Zero Forcing on Iterated Graph Models

Abstract: Modeling how information travels throughout a network has vast applications across social sciences, cybersecurity, and graph-based neural networks. In this paper, we consider the zero forcing model for information diffusion on iterative deterministic complex network models. In particular, we continue the exploration of the Iterative Local Transitive (ILT) model and the Iterative Local Anti-Transitive (ILAT) model, both introduced by Bonato et. al. in 2009 and 2017, respectively. These models use ideas from Structural Balance Theory to generate edges through a notion of cloning where the friend of my friend is my friend'' and anticloning wherethe enemy of my enemy is my friend.'' Zero forcing, introduced independently by Burgarth and Giovanetti and a special working group at AIM in 2007 and 2008, begins with some set of forced vertices, the remaining are unforced. If a forced vertex has a single unforced neighbor, that neighbor becomes forced. The minimum number of vertices in a starting set required to guarantee all vertices eventually become forced is the zero forcing number of the graph.

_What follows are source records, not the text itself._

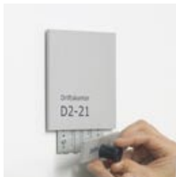
PlanSign magnetic lock system The locked sign is released by use of the magnetic key
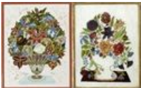
Lot #490: Two Reverse-Painted Glass and Foil Pictures 15 3/4 x 11 3/4 in. and 17 3/4 x 13 3/4 in. Estimate: $ 75.00 - $ 125.00
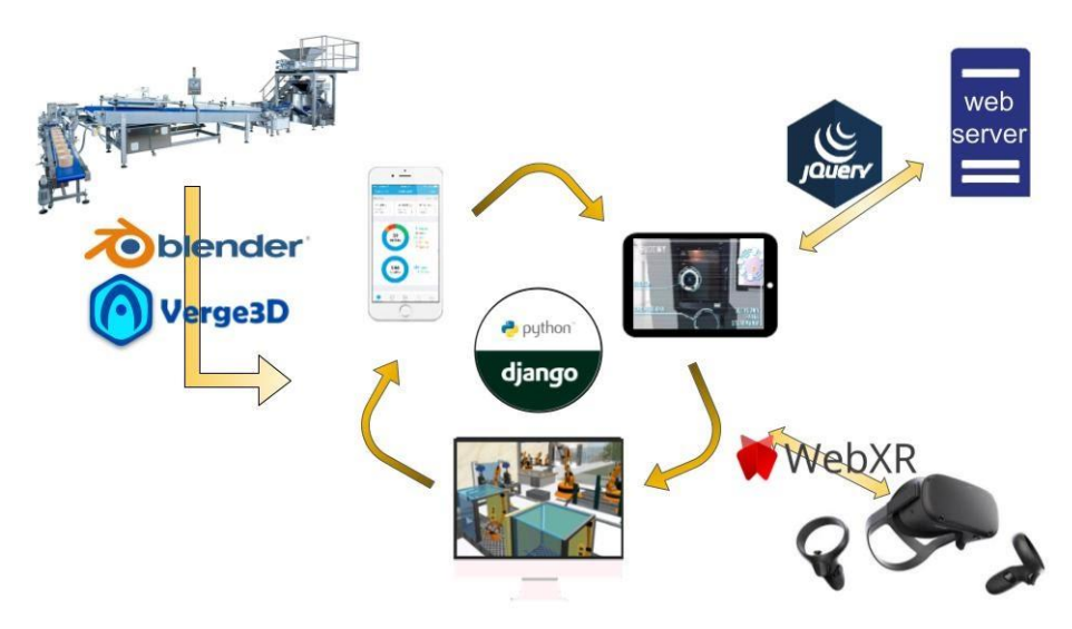
Fig. 1. The developed framework and workflow for the building of a digital twin.

As shown in Fig. 1, the workflow starts with the creation of a virtual model using Blender [1], a 3D Computer Graphics toolkit, where CAD and BIM models can be easily imported and simplified. Notwithstanding, Blender allows to obtain a faithful replica of the physical entity thanks to its several tools for realistic computer-generated imagery.
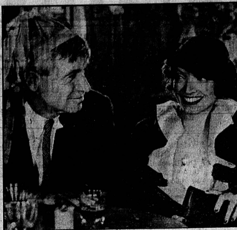
HIS WIFE WANTS HIM TO PLAY, AND HE DOES!—Will Rogers as he appears in "Handy Andy" with Conchita Montenegro

The chances are that Will Rogers saw right through the gag from the very beginning. But this is the way it works:
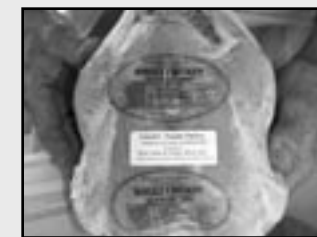
Organic certified chicken packaged for market.
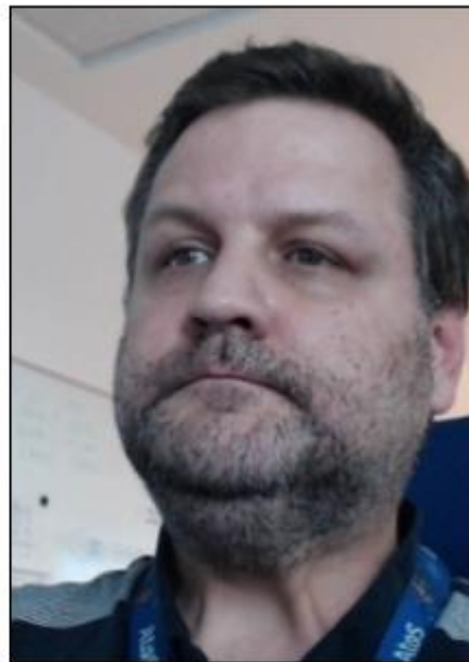
Appeared 4:09 PM at camera: Localhost.Cam0
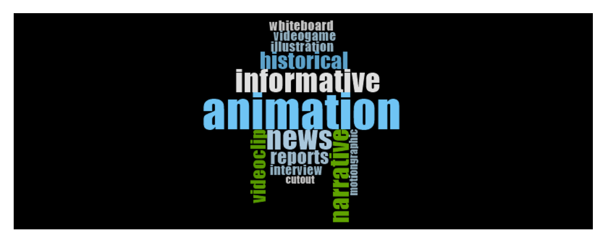
Figure 6. Types of educational videos from "Teachers vs. COVID-19" project.

initial training of teachers in Didactics of Social Sciences from the approach of relevant social problems during lockdown.
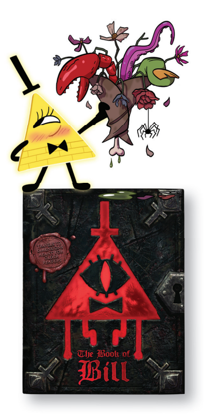
DISCOVER MORE IN The Book of Bill
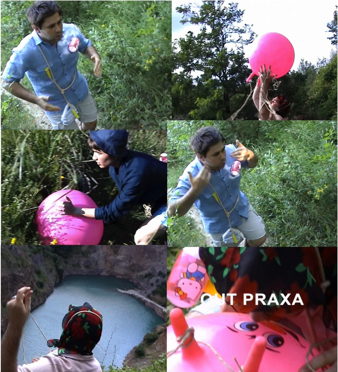
Video stills from OUT PRAXA , Novi Sad 2004.

http://issuu.com/vladanrena/docs/psychogeography
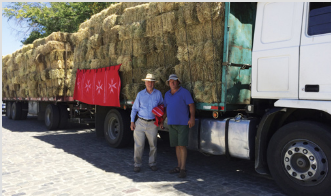
▲ After recent bushfires in Chile, the Order provided essential animal feed

In Loncoche the Shelter Home 'Blessed Karl of Austria' hosts 30 elderly people and provides them with four meals a day. The 'Training Institute Auxilio Maltés', established in
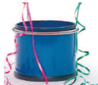
503 Balloon Holder
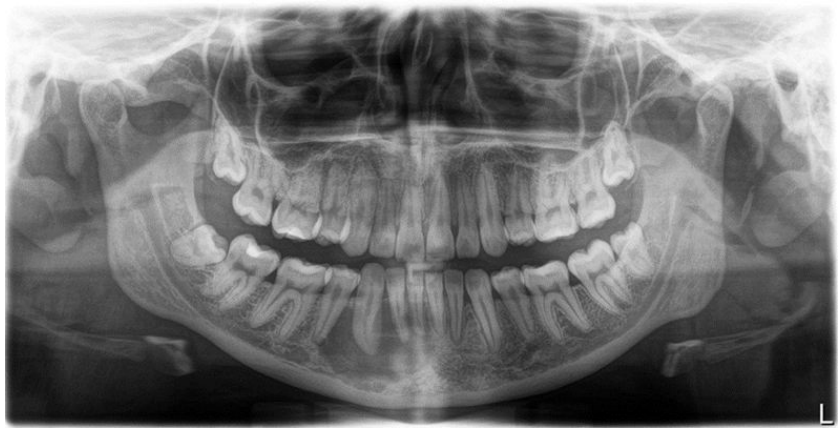
Figure 4: Digital panoramic radiography after two years removing orthodontic appliance, apical radiolucent lesion of rounded shape well-defined limits that extends from piece 4.5 to 4.1 that respects the bony cortices.
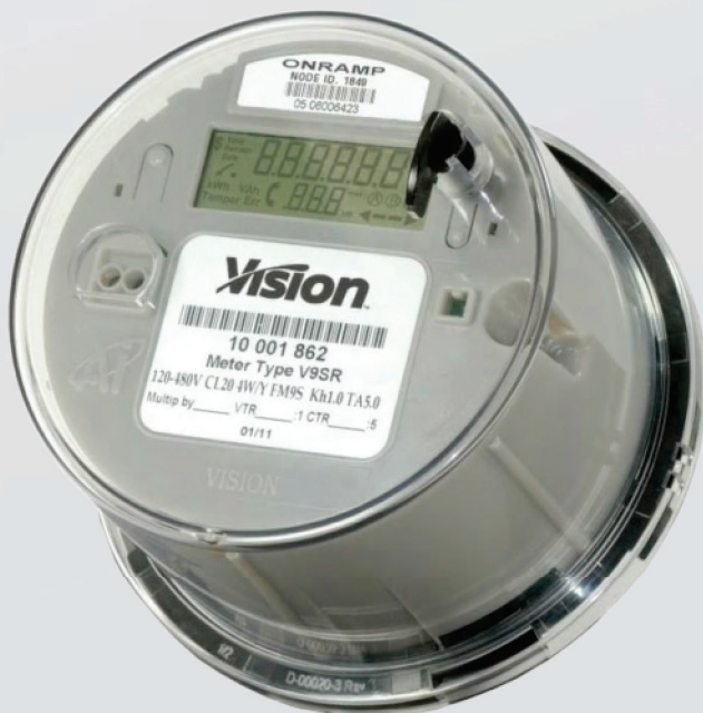
Vision XT Version

At Vision Metering, customer input has dictated the specifications upon which our meters were designed and manufactured. Our meters continue to evolve based on the expectations of our customers.
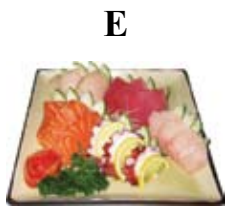
E 5 kind of Sashimi $25.95
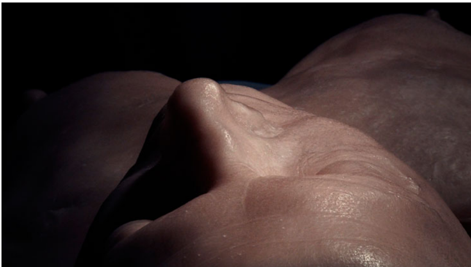
Figure 8. Christine Borland, SimWoman , 2010, Film Still, 12minute 30 second loop, H.D. Video, projected.

B: I feel a certain relief as well and it's been built into the decision-making that I'm not actually physically representing the spectacle of the sculpture as part of the show, in its raw, broken and undignified form – there's plenty of that conveyed in this mediated
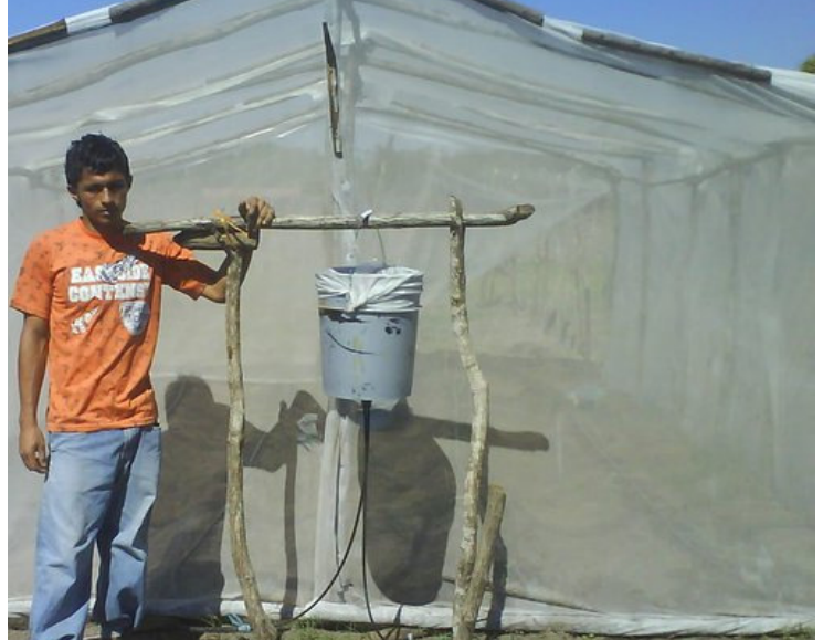
Five families now have Bucket Kits set up
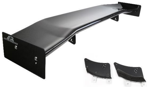
Porsche 991 GT3 Wing Mount Adapters
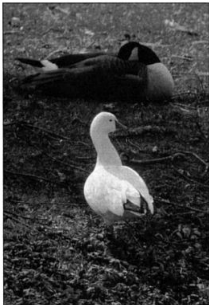
Adult Ross's Goose at Lavalette, West Virginia, 11–12 March 1999, one of many found throughout the East and Midwest as this species continues to increase.
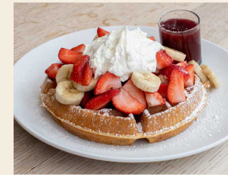
Strawberry Banana and Cream Waffle Our waffle topped with fresh cut strawberries, bananas, fresh whipped cream and served with strawberry syrup. .... 18
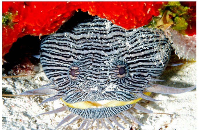
Novice Digital 3rd Place Sheree Fields, © 2006.

http://www.motherjones.com/news/feature/2006/03/the_fate_of_the_ocean.html
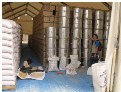
Pots to be delivered to school kitchens
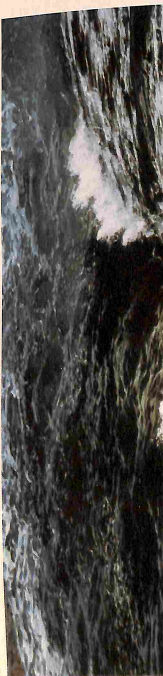
Picturesque San Juan, capital of Puerto Rico, site of eight-day Crusade beginning March 19
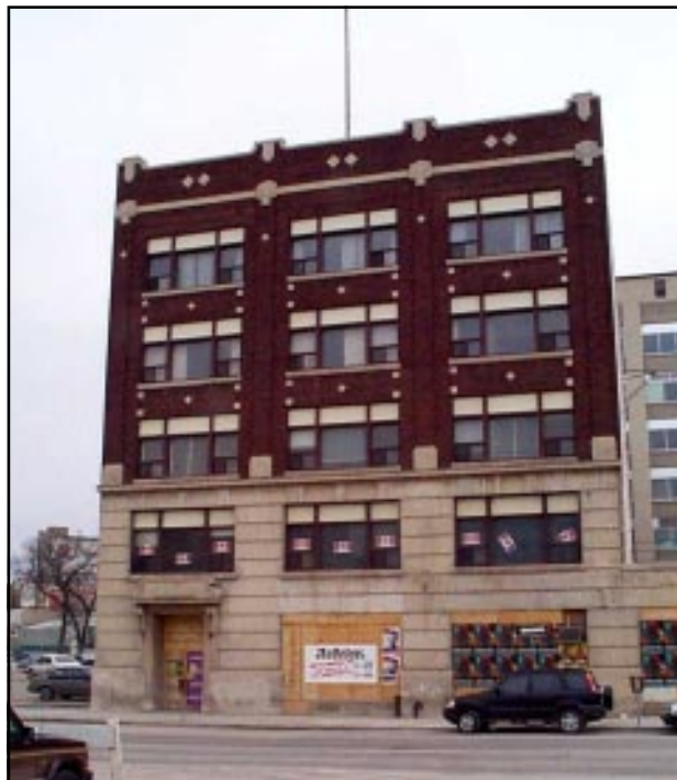
Former Film Exchange Building.

The increased popularity of motion pictures in the 1920s gave rise to the Film Exchange, a centralized storage, repair and distribution facility. Winnipeg's modern five-storey Film Exchange Building was completed in 1922. An unusual feature of the design was an interior ramp providing direct vehicle access to the basement and to storage/distribution areas on the first and second floors. Film distributors continued to occupy parts of the building into the 1970s.
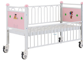
Baby Cot CR0Q SK-A2
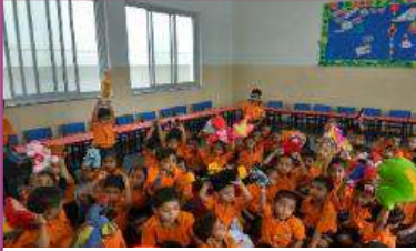
Show and Tell
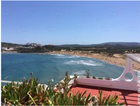
view from the flat

The maximum number of vertices in a starting set such that the graph cannot become fully forced is the failed zero forcing number of a graph. In this paper we provide bounds for both the zero forcing and failed zero forcing number of graphs created using both the ILT and ILAT models. In particular, we show that in the case of ILAT graphs the failed zero forcing number can only take on one of four values, dependent on the number of vertices of the graph. Finally, we briefly consider another information diffusion model, graph burning, on a more general iterated graph model.